Work task: Once you find the line with "A Les Franqueses" in the entries below, print it and each line after it up to and including the line with "Membres de la branche de Calgary", exactly, without pictures.

Source material:
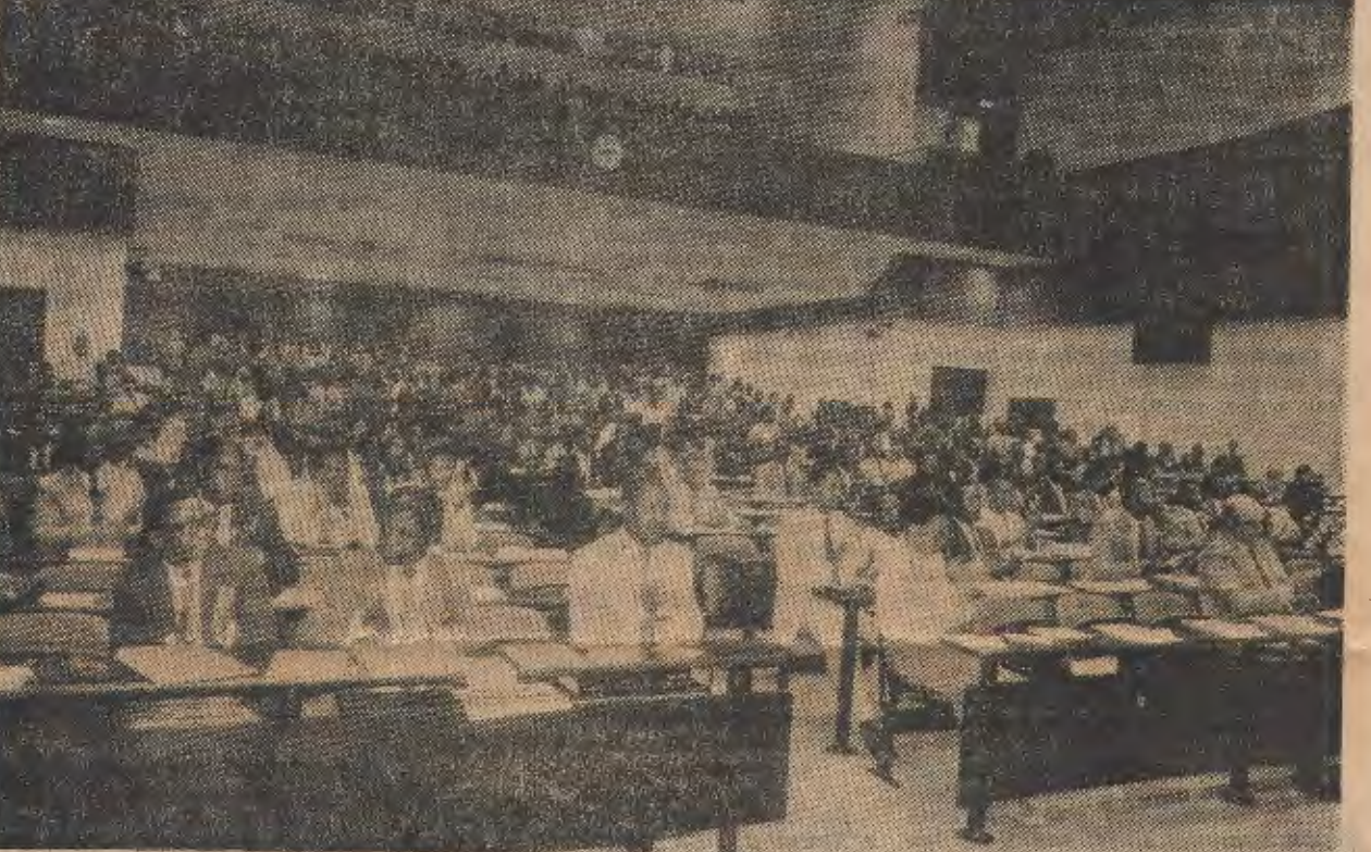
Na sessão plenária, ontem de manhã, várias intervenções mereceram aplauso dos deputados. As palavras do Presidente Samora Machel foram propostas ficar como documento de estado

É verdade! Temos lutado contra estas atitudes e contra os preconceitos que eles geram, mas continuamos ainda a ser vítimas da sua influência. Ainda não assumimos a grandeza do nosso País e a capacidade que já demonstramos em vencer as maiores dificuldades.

...

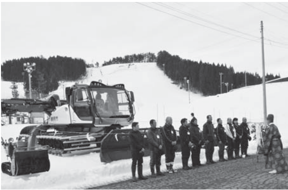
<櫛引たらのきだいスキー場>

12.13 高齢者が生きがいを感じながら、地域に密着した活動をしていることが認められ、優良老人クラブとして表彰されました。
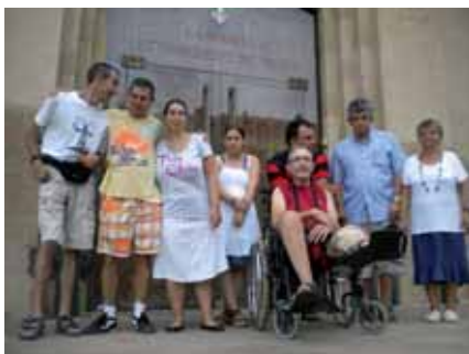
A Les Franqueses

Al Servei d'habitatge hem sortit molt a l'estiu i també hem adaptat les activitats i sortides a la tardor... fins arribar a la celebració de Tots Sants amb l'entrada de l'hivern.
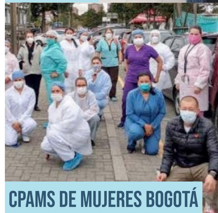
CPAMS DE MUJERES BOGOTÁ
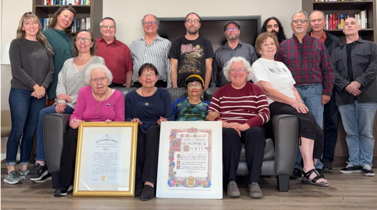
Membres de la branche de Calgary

Output for this exercise:
A Les Franqueses

Al Servei d'habitatge hem sortit molt a l'estiu i també hem adaptat les activitats i sortides a la tardor... fins arribar a la celebració de Tots Sants amb l'entrada de l'hivern.
CPAMS DE MUJERES BOGOTÁ
Membres de la branche de Calgary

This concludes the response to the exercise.